▶ **REQUIRED WORK**
Reproduce the entries that follow exactly. No picture should appear in the result.

Records from a dataset:

<<<<

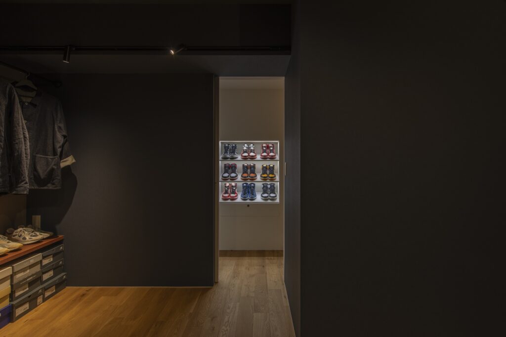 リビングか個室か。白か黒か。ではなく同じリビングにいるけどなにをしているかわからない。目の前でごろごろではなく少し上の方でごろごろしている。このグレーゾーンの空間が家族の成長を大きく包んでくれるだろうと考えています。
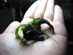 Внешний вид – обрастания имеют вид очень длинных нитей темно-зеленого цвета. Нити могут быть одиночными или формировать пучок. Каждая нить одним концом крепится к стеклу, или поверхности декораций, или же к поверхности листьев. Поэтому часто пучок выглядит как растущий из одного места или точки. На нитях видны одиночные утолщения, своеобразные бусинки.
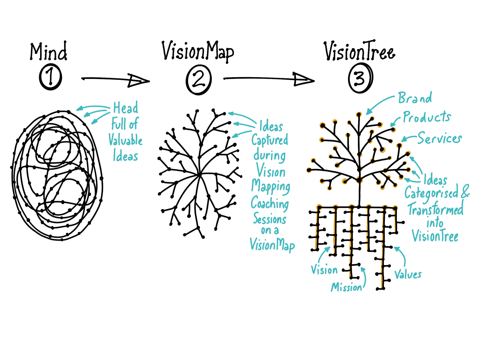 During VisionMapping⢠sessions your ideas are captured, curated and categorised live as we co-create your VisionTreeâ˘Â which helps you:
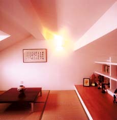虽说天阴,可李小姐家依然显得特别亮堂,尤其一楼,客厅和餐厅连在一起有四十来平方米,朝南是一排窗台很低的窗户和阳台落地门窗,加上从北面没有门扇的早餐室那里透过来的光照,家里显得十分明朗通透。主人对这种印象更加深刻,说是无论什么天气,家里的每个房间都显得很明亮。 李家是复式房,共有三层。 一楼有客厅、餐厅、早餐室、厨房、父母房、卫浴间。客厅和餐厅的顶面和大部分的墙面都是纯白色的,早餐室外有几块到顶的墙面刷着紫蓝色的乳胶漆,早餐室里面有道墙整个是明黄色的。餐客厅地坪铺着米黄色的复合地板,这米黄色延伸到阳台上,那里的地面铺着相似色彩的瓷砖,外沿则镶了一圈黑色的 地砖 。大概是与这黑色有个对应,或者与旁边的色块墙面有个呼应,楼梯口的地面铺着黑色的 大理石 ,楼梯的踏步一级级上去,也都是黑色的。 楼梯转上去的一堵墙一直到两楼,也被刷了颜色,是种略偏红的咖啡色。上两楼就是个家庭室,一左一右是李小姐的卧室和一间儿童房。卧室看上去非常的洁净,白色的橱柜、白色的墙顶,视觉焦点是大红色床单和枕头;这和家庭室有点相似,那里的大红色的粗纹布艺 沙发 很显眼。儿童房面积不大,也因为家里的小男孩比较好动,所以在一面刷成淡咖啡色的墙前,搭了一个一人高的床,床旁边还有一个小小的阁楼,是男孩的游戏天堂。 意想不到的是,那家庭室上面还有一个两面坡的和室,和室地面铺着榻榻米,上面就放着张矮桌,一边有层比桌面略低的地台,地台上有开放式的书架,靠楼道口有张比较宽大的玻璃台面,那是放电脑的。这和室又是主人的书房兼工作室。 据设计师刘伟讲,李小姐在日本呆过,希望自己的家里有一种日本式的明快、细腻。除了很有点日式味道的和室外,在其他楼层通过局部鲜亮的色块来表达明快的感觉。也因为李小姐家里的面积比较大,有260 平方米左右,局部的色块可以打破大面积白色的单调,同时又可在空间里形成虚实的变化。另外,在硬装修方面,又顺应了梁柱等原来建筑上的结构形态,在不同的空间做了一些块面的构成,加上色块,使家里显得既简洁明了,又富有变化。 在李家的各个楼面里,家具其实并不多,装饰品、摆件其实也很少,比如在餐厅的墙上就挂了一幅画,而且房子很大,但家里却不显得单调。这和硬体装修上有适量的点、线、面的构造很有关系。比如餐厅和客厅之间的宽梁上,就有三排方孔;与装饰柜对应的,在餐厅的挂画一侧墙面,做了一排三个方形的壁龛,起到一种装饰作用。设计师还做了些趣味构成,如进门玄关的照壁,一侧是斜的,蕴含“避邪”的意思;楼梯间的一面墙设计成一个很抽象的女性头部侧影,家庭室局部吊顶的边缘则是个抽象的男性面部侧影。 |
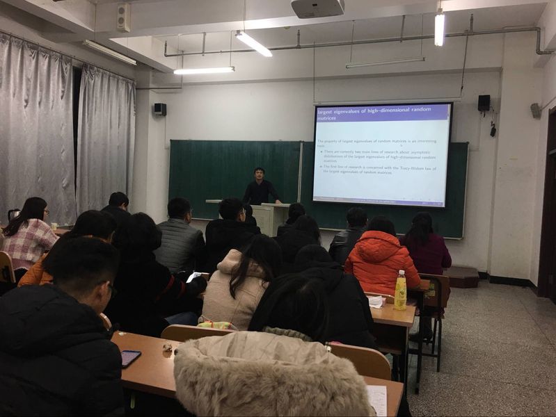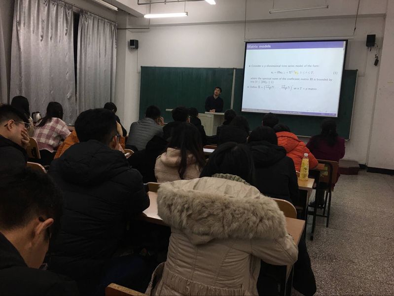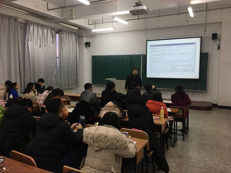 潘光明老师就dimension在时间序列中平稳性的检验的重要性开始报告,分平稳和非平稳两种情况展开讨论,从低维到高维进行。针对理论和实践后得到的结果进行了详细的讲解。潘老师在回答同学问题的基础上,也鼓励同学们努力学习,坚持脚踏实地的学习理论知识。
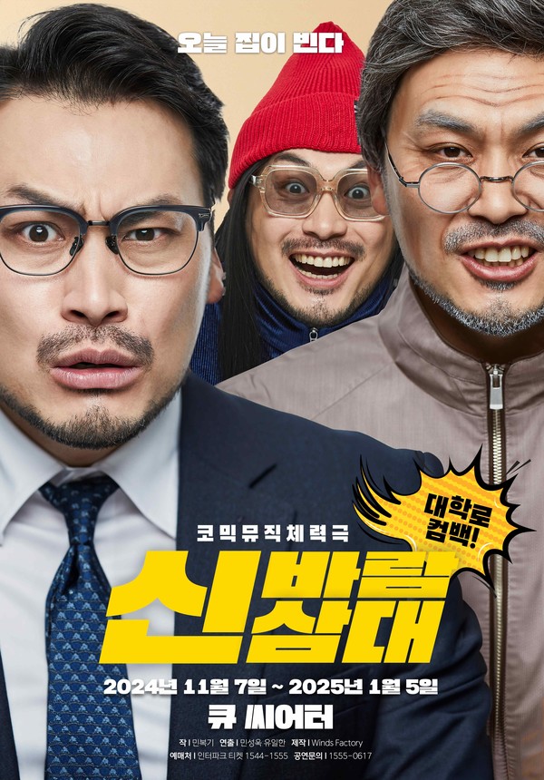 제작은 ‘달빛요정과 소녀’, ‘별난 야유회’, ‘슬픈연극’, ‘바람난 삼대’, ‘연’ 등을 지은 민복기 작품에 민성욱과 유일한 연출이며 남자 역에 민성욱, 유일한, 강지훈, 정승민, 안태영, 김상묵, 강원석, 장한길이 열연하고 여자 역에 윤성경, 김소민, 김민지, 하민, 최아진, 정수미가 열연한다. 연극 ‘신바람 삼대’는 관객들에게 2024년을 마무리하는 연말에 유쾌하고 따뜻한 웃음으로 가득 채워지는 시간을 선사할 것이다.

>>>>

▶ **REPLY TO THE EXERCISE**
 リビングか個室か。白か黒か。ではなく同じリビングにいるけどなにをしているかわからない。目の前でごろごろではなく少し上の方でごろごろしている。このグレーゾーンの空間が家族の成長を大きく包んでくれるだろうと考えています。
 Внешний вид – обрастания имеют вид очень длинных нитей темно-зеленого цвета. Нити могут быть одиночными или формировать пучок. Каждая нить одним концом крепится к стеклу, или поверхности декораций, или же к поверхности листьев. Поэтому часто пучок выглядит как растущий из одного места или точки. На нитях видны одиночные утолщения, своеобразные бусинки.
 During VisionMapping⢠sessions your ideas are captured, curated and categorised live as we co-create your VisionTreeâ˘Â which helps you:
虽说天阴,可李小姐家依然显得特别亮堂,尤其一楼,客厅和餐厅连在一起有四十来平方米,朝南是一排窗台很低的窗户和阳台落地门窗,加上从北面没有门扇的早餐室那里透过来的光照,家里显得十分明朗通透。主人对这种印象更加深刻,说是无论什么天气,家里的每个房间都显得很明亮。 李家是复式房,共有三层。 一楼有客厅、餐厅、早餐室、厨房、父母房、卫浴间。客厅和餐厅的顶面和大部分的墙面都是纯白色的,早餐室外有几块到顶的墙面刷着紫蓝色的乳胶漆,早餐室里面有道墙整个是明黄色的。餐客厅地坪铺着米黄色的复合地板,这米黄色延伸到阳台上,那里的地面铺着相似色彩的瓷砖,外沿则镶了一圈黑色的 地砖 。大概是与这黑色有个对应,或者与旁边的色块墙面有个呼应,楼梯口的地面铺着黑色的 大理石 ,楼梯的踏步一级级上去,也都是黑色的。 楼梯转上去的一堵墙一直到两楼,也被刷了颜色,是种略偏红的咖啡色。上两楼就是个家庭室,一左一右是李小姐的卧室和一间儿童房。卧室看上去非常的洁净,白色的橱柜、白色的墙顶,视觉焦点是大红色床单和枕头;这和家庭室有点相似,那里的大红色的粗纹布艺 沙发 很显眼。儿童房面积不大,也因为家里的小男孩比较好动,所以在一面刷成淡咖啡色的墙前,搭了一个一人高的床,床旁边还有一个小小的阁楼,是男孩的游戏天堂。 意想不到的是,那家庭室上面还有一个两面坡的和室,和室地面铺着榻榻米,上面就放着张矮桌,一边有层比桌面略低的地台,地台上有开放式的书架,靠楼道口有张比较宽大的玻璃台面,那是放电脑的。这和室又是主人的书房兼工作室。 据设计师刘伟讲,李小姐在日本呆过,希望自己的家里有一种日本式的明快、细腻。除了很有点日式味道的和室外,在其他楼层通过局部鲜亮的色块来表达明快的感觉。也因为李小姐家里的面积比较大,有260 平方米左右,局部的色块可以打破大面积白色的单调,同时又可在空间里形成虚实的变化。另外,在硬装修方面,又顺应了梁柱等原来建筑上的结构形态,在不同的空间做了一些块面的构成,加上色块,使家里显得既简洁明了,又富有变化。 在李家的各个楼面里,家具其实并不多,装饰品、摆件其实也很少,比如在餐厅的墙上就挂了一幅画,而且房子很大,但家里却不显得单调。这和硬体装修上有适量的点、线、面的构造很有关系。比如餐厅和客厅之间的宽梁上,就有三排方孔;与装饰柜对应的,在餐厅的挂画一侧墙面,做了一排三个方形的壁龛,起到一种装饰作用。设计师还做了些趣味构成,如进门玄关的照壁,一侧是斜的,蕴含“避邪”的意思;楼梯间的一面墙设计成一个很抽象的女性头部侧影,家庭室局部吊顶的边缘则是个抽象的男性面部侧影。 |
 潘光明老师就dimension在时间序列中平稳性的检验的重要性开始报告,分平稳和非平稳两种情况展开讨论,从低维到高维进行。针对理论和实践后得到的结果进行了详细的讲解。潘老师在回答同学问题的基础上,也鼓励同学们努力学习,坚持脚踏实地的学习理论知识。
 제작은 ‘달빛요정과 소녀’, ‘별난 야유회’, ‘슬픈연극’, ‘바람난 삼대’, ‘연’ 등을 지은 민복기 작품에 민성욱과 유일한 연출이며 남자 역에 민성욱, 유일한, 강지훈, 정승민, 안태영, 김상묵, 강원석, 장한길이 열연하고 여자 역에 윤성경, 김소민, 김민지, 하민, 최아진, 정수미가 열연한다. 연극 ‘신바람 삼대’는 관객들에게 2024년을 마무리하는 연말에 유쾌하고 따뜻한 웃음으로 가득 채워지는 시간을 선사할 것이다.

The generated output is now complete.